- _Problem statement_
Taking the entries below, transcribe only the lines starting with the one with "Extendable Microfiber Duster" and going on through the one with "private showing today!", exactly as written, without the pictures.

- _Study material_
Segment Open

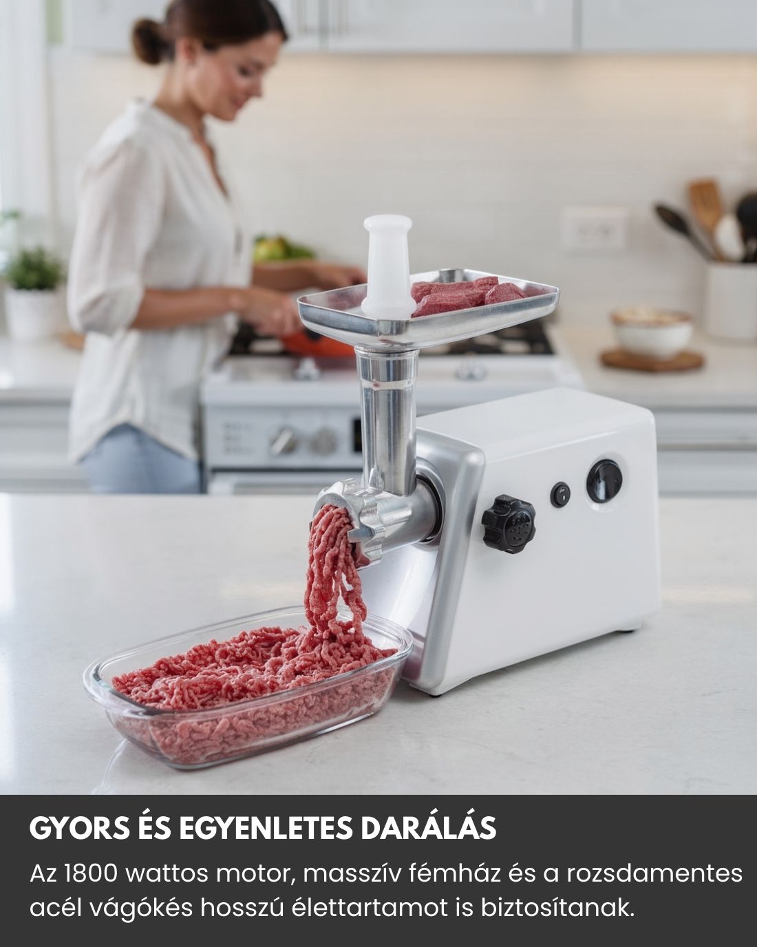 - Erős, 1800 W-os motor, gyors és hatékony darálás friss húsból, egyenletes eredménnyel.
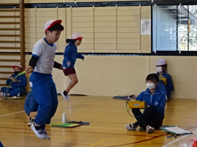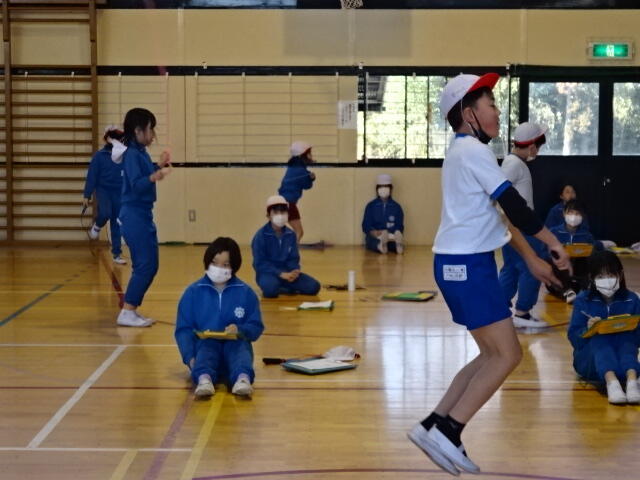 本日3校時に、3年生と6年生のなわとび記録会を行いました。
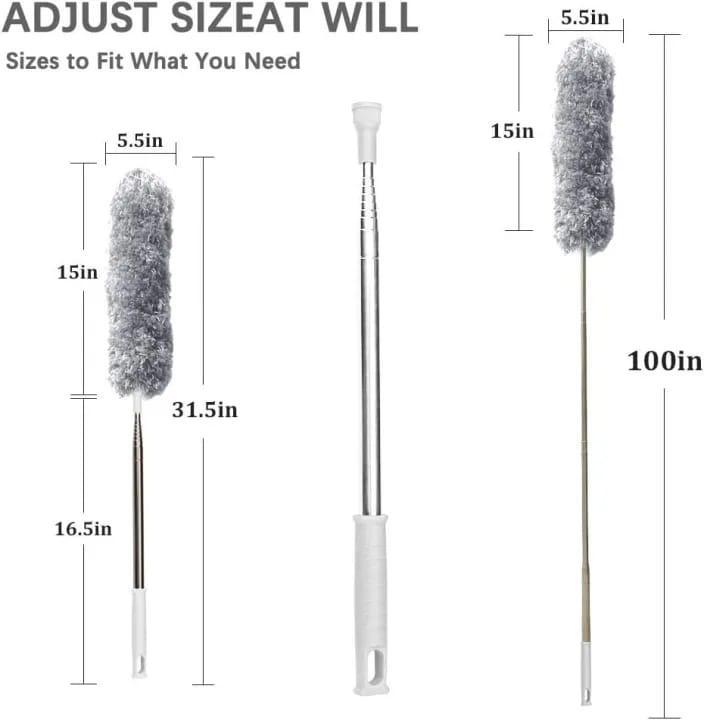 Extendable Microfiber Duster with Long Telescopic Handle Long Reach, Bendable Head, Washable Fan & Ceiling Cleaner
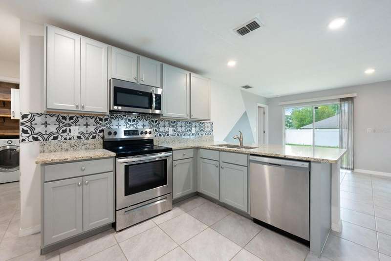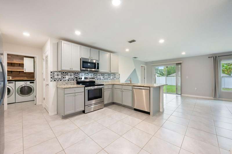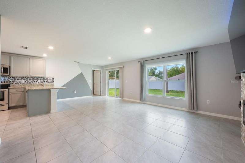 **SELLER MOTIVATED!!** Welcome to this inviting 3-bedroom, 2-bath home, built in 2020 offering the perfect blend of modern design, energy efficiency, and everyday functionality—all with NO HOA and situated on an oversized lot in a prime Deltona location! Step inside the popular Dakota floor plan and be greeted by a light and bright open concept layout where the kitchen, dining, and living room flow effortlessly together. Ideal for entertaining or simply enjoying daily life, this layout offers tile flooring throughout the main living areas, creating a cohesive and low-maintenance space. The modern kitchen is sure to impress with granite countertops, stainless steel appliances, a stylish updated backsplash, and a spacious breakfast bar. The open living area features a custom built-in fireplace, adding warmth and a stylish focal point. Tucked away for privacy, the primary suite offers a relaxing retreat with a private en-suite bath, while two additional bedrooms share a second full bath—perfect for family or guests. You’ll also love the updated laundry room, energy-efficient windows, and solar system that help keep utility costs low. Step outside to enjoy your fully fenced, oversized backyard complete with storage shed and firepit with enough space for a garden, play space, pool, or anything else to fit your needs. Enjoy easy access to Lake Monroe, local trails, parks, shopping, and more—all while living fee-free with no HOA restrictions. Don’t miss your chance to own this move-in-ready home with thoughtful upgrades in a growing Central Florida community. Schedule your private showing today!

Segment Closed
Segment Open

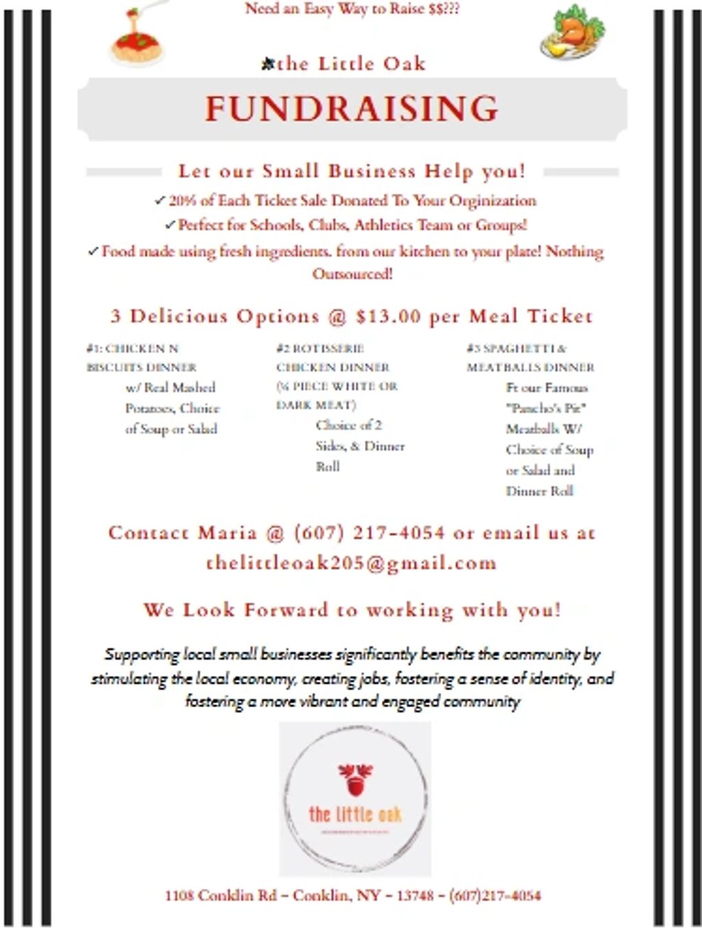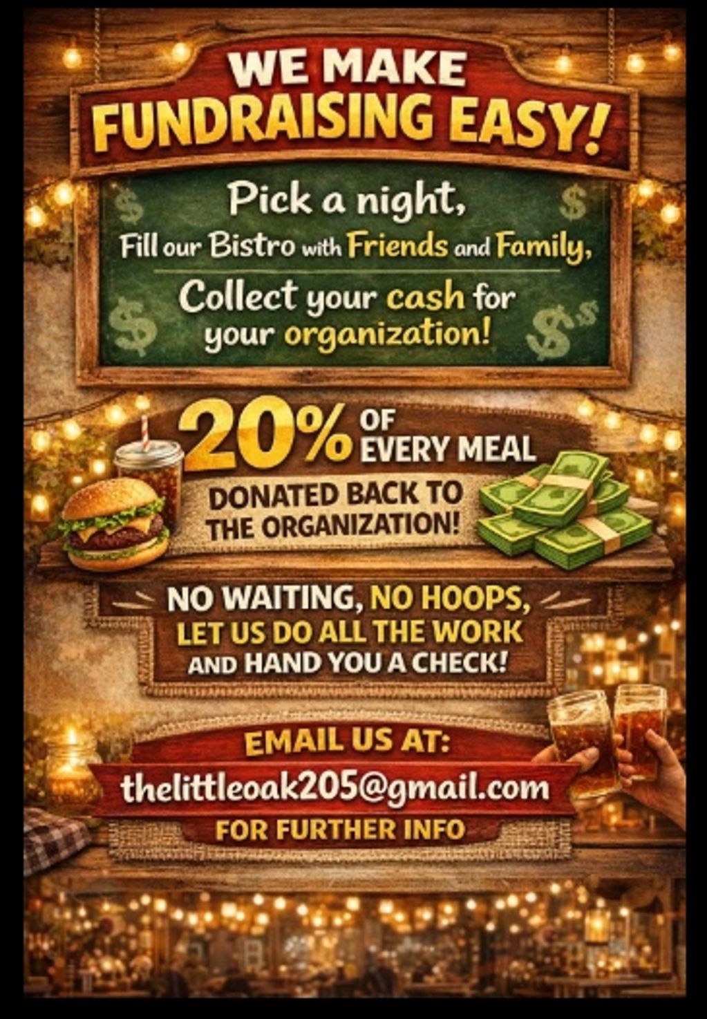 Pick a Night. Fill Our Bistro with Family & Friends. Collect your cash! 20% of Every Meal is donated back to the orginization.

Segment Closed

- _Solution_
 Extendable Microfiber Duster with Long Telescopic Handle Long Reach, Bendable Head, Washable Fan & Ceiling Cleaner
 **SELLER MOTIVATED!!** Welcome to this inviting 3-bedroom, 2-bath home, built in 2020 offering the perfect blend of modern design, energy efficiency, and everyday functionality—all with NO HOA and situated on an oversized lot in a prime Deltona location! Step inside the popular Dakota floor plan and be greeted by a light and bright open concept layout where the kitchen, dining, and living room flow effortlessly together. Ideal for entertaining or simply enjoying daily life, this layout offers tile flooring throughout the main living areas, creating a cohesive and low-maintenance space. The modern kitchen is sure to impress with granite countertops, stainless steel appliances, a stylish updated backsplash, and a spacious breakfast bar. The open living area features a custom built-in fireplace, adding warmth and a stylish focal point. Tucked away for privacy, the primary suite offers a relaxing retreat with a private en-suite bath, while two additional bedrooms share a second full bath—perfect for family or guests. You’ll also love the updated laundry room, energy-efficient windows, and solar system that help keep utility costs low. Step outside to enjoy your fully fenced, oversized backyard complete with storage shed and firepit with enough space for a garden, play space, pool, or anything else to fit your needs. Enjoy easy access to Lake Monroe, local trails, parks, shopping, and more—all while living fee-free with no HOA restrictions. Don’t miss your chance to own this move-in-ready home with thoughtful upgrades in a growing Central Florida community. Schedule your private showing today!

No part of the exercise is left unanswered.